Below are instruments for reproducing the results from the paper SyntheMol-RL: a flexible reinforcement learning framework for designing novel and synthesizable antibiotics, which uses the reinforcement learning ( RL) version of SyntheMol.
The relevant data should be downloaded to SyntheMol/data. This can be done as follows:
DATA_PATH=$(python -c "import synthemol; from pathlib import Path; print(Path(synthemol.__path__[0]).parent)")/rl
mkdir $DATA_PATH
gdown "https://drive.google.com/drive/folders/1Yex2UBjjmNFMZjBXA-ToVYMkpDFOorr0?usp=drive_link" --folder -O $DATA_PATHNote that here, we use the 2022 q1-2 version of the building blocks and the 2022 q1-2 version of the enumerated REAL Space molecules.

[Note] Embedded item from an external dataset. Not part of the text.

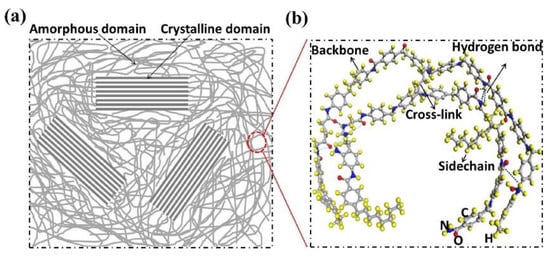 Schematic diagrams of a polymer: (a) the morphology of a polymer consisting of crystalline and amorphous domains; (b) structure of a polymer chain. Reprinted with permission from Ref. [49]. Copyright 2018 Elsevier.

real.md: Instructions for processing Enamine REAL building blocks, reactions, and molecules.
wuxi.md: Instructions for processing the WuXi building blocks, reactions, and molecules (May 2023 release).
antibiotics.md: Instructions for generating antibiotic candidates for Staphylococcus aureus using reinforcement learning (RL). Includes instructions for processing antibiotics data, training antibacterial activity prediction models, generating molecules with SyntheMol-RL, and selecting candidates.
ablations.md: Instructions for reproducing the ablation experiments in the paper to determine the importance of various components of SyntheMol-RL.
gflownet.md: Instructions for reproducing the GFlowNet experiments in the paper.